Un centre pour suivre les radicalisés hors de prison à Marseille

Suivi
Bref
Rémi Baldy
5 Avr 2019 0

L’adresse précise reste secrète. Un appartement situé dans le 6e arrondissement de Marseille abrite un centre dédié au suivi de condamnés pour “association de malfaiteurs en lien avec une entreprise terroriste” effectuant leur peine en milieu ouvert, raconte France 3 Provence-Alpes Côte d’Azur. “Cela va d’une personne ayant mis un message sur Twitter ou commenté un attentat à des gens rentrés de Syrie ou ayant des velléités de départ”, précise l’administration pénitentiaire. Elle porte ce dispositif baptisé programme d’accueil individualisé et de réaffiliation sociale (Pairs) avec l’association Artemis, membre du Groupe SOS.

Une dizaine de personnes, qui portent un bracelet électronique ou sont assignées à résidence, sont suivies dans ce centre. Elles rencontrent chaque semaine des éducateurs, des psychologues et des conseillers pénitentiaires. “Pour le moment, nous ne tirons encore aucun bilan. Le but est d’annihiler les passages à l’acte”, précise l’administration pénitentiaire à France 3. Dans un article du Monde de février, la directrice du centre évoque un “travail lent” d’un an en moyenne. Le profil des bénéficiaires du dispositif y est aussi détaillé : un groupe âgé de 22 à 35 ans composé de quatre femmes, dont une “revenante” de la zone irako-syrienne.

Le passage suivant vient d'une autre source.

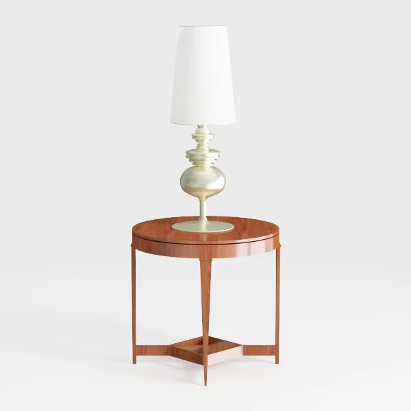 Modern Solid Wood Round Side Table With Table Lamp 3D Model

L’opération a débuté à Marseille en octobre, après un premier essai Paris. Des centres devraient ouvrir à Lyon et Lille. Fin mars, Guy Teissier (LR) a interpellé à l’Assemblée nationale la garde des Sceaux pour dénoncer une “ouverture en catimini” de ce centre sans que Jean-Claude Gaudin, maire de Marseille, ni Martine Vassal, présidente de la métropole et du département, ne soient au courant. Les centres faisaient pourtant partie du plan de lutte contre la radicalisation annoncé par le Premier ministre. S’il y a trop de médiatisation, nous ne pouvons plus bosser. Et ça peut également créer une psychose dans la population”, explique pour sa part l’administration pénitentiaire.